> **Records excerpted from a collection**
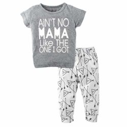 BIG ELEPHANT Baby Boys’ 2 Pieces Letters Print Short Sleeve T-Shirt Pant Clothing Set Grey K15-70(3-6 Months)
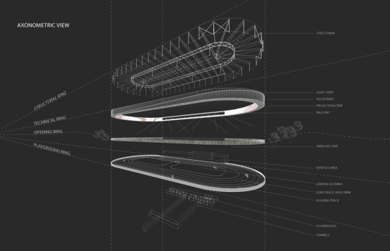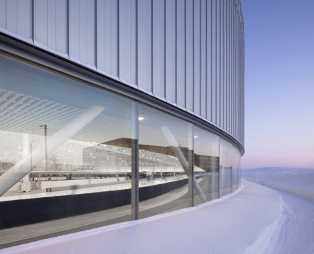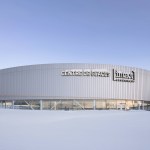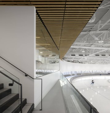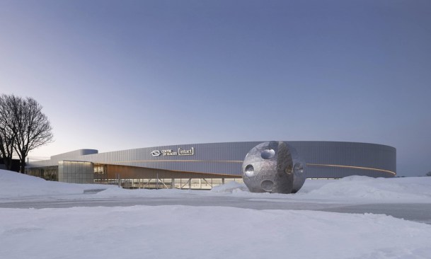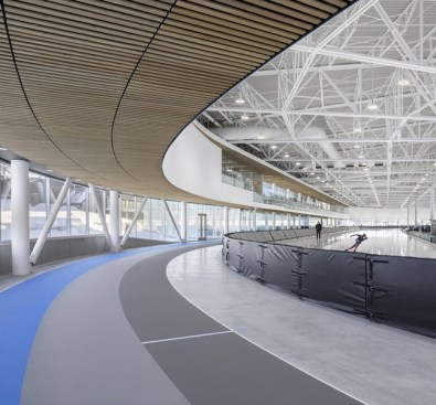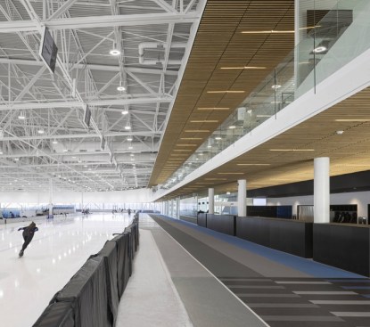 The building’s design reflects the landscape with a metallic skin that mimics the appearance of ice. Its oval shape symbolizes the speed and fluidity of skaters. The Centre gradually reveals itself to motorists on the nearby highway, echoing their acceleration as pedestrians move alongside the building. The structure’s openness fosters a community gathering place where ice skating is accessible to everyone, from Olympic athletes to beginners and families.
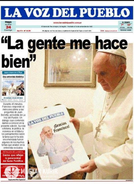 A vatikáni Szent Márta-ház egyik kicsiny, egyszerű termében Ferenc pápa fogadta a La Voz del Pueblo újságíróját. A találkozón nem volt más jelen, és a pápa csak egyetlen feltételt szabott: „Az egyedüli, amit kérek tőled, hogy tisztán játssz velem”, mondta, mielőtt elindítottam a hangfelvevőt. Azután, a negyvenöt percig tartó interjú során megvallotta, hogy korábban „pánikolt az újságíróktól”. Nyilvánvalóvá vált, hogy már túl van ezen a nehézségen.
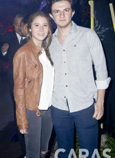 Olegario Vázquez y María Ángeles en la fiesta de Mercedes Benz del GP
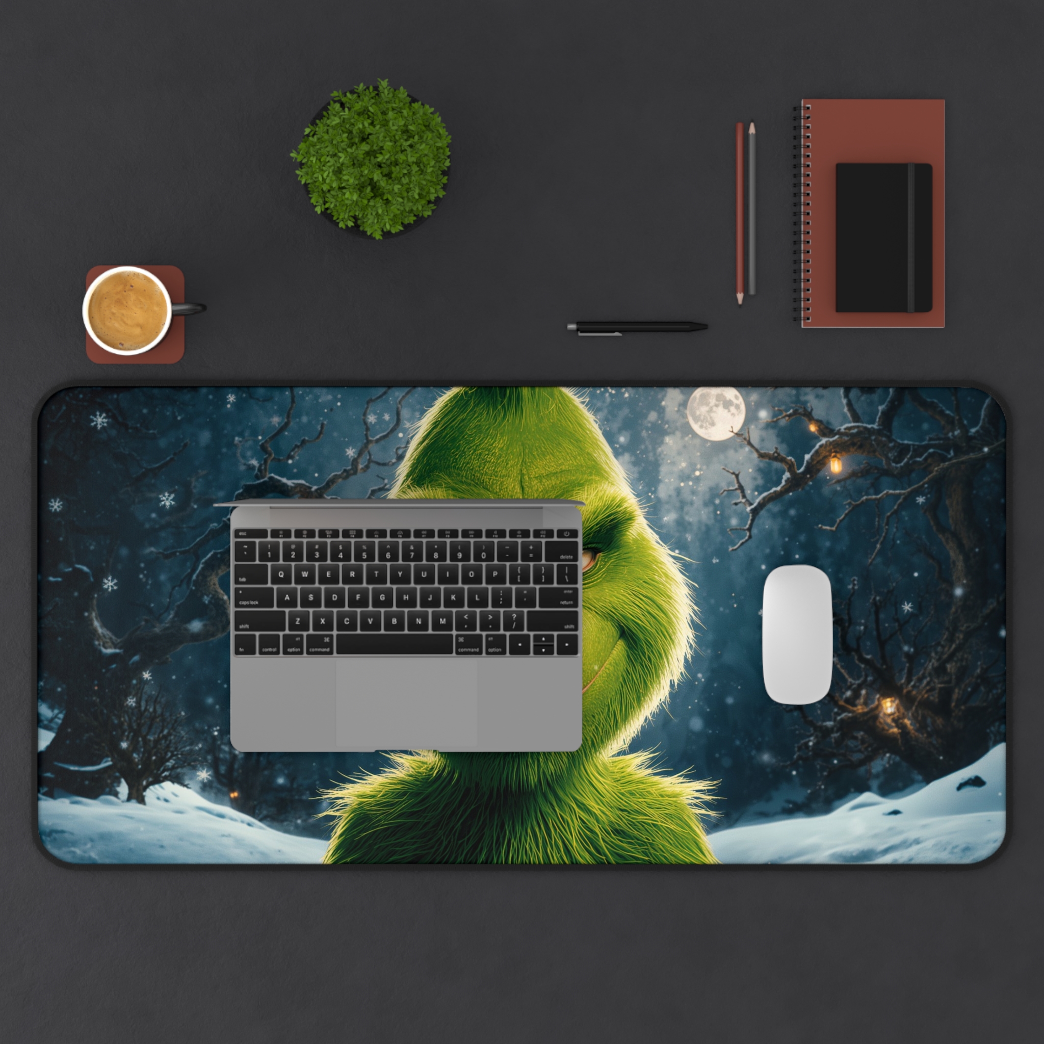 Whether you’re in a festive mood or have a heart “two sizes too small,” this XXL “The Grinch” Desk Mat is the perfect accessory to transform your workspace. Add a touch of mischief and vibrant color to your setup with the most famous grumpy character in Whoville.
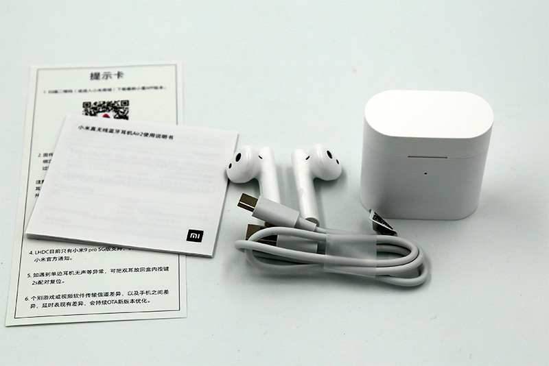 Внутри: наушники, зарядный кейс, кабель для зарядки USB - Type-C, инструкция на китайском.

> **Task item**
Copy out exactly the lines between the line containing "Olegario Vázquez y" and the end of the entries, including both, and leave the pictures behind.

> **Task result**
 Olegario Vázquez y María Ángeles en la fiesta de Mercedes Benz del GP
 Whether you’re in a festive mood or have a heart “two sizes too small,” this XXL “The Grinch” Desk Mat is the perfect accessory to transform your workspace. Add a touch of mischief and vibrant color to your setup with the most famous grumpy character in Whoville.
 Внутри: наушники, зарядный кейс, кабель для зарядки USB - Type-C, инструкция на китайском.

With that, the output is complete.